Step 5: Execute and print results for each query type

CombinedFieldQuery Results:

Score: 0.98660445, Author: J.K. Rowling, Title: Harry Potter and the Philosopher’s Stone, Description: A young wizard embarks on a magical journey. Score: 0.8499142, Author: C.S. Lewis, Title: The Chronicles of Narnia: The Lion, the Witch, and the Wardrobe, Description: A fantasy series about a magical land filled with adventure.

        System.out.println("### CombinedFieldQuery Results:");
        printResults(searcher, combinedFieldQuery);

BooleanQuery Results:

Score: 1.0287321, Author: J.K. Rowling, Title: Harry Potter and the Philosopher’s Stone, Description: A young wizard embarks on a magical journey.

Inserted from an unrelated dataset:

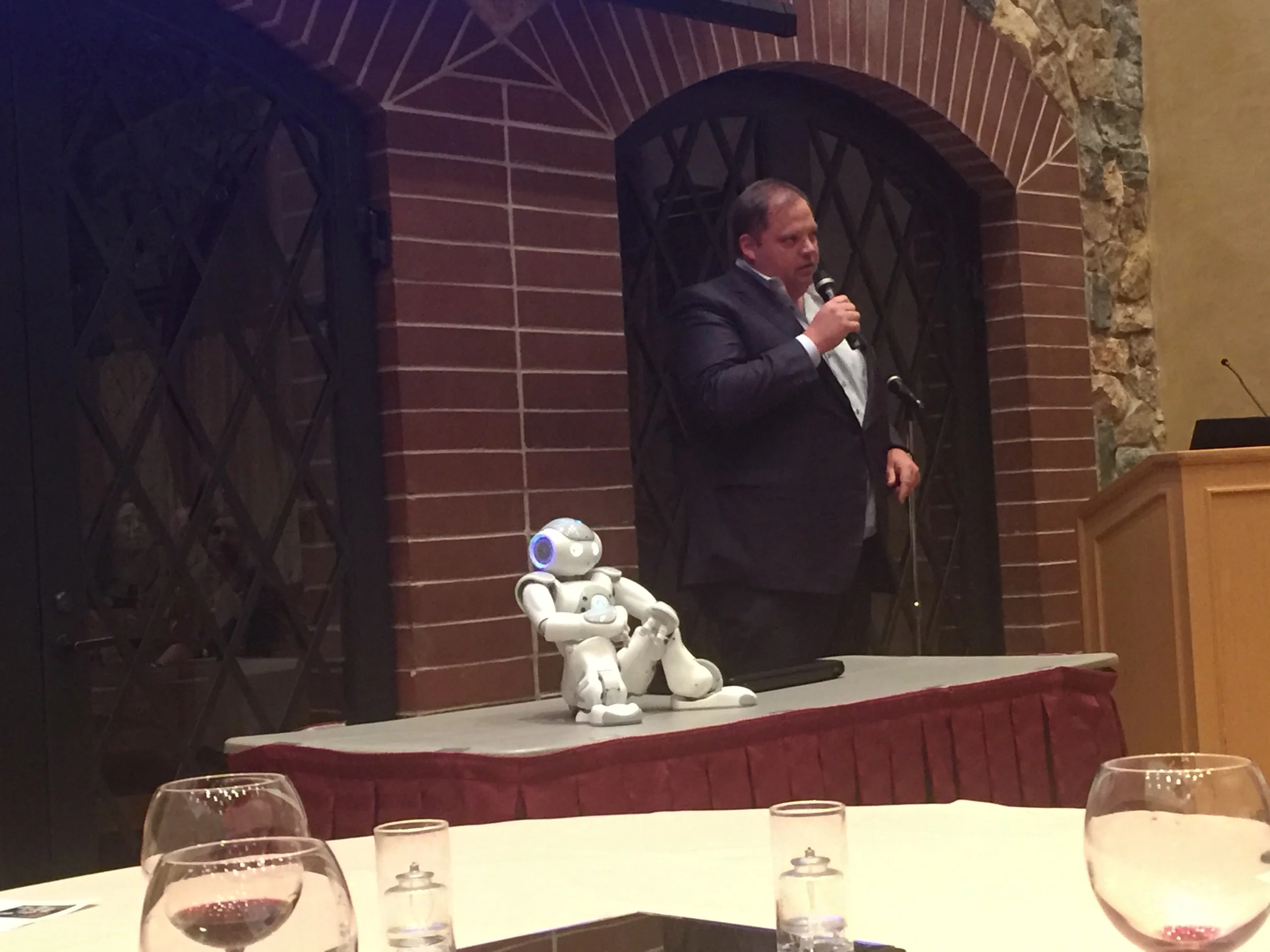 Last night, my sister Remy and I attended a fundraising event at the University of Denver. Dr. Mohammed Mahoor and a group of student researchers have been pairing Autistic children with a Robot Called NAO. NAO is about two feet tall. When it stands at its resting position, it slowly sways side to side. It features speakers on each side of its head that allow the robot to detect sound so it can look at people when they are talking. It blinks, speaks and dances. The robot is designed to teach children with Autism to pick up on social cues and emotions.

Score: 0.9480082, Author: C.S. Lewis, Title: The Chronicles of Narnia: The Lion, the Witch, and the Wardrobe, Description: A fantasy series about a magical land filled with adventure.

        System.out.println("\n### BooleanQuery Results:");
        printResults(searcher, boolQuery);

DocCombinedFieldQuery Results:

Score: 0.98660445, Author: J.K. Rowling, Title: Harry Potter and the Philosopher’s Stone, Description: A young wizard embarks on a magical journey. Score: 0.8499142, Author: C.S. Lewis, Title: The Chronicles of Narnia: The Lion, the Witch, and the Wardrobe, Description: A fantasy series about a magical land filled with adventure.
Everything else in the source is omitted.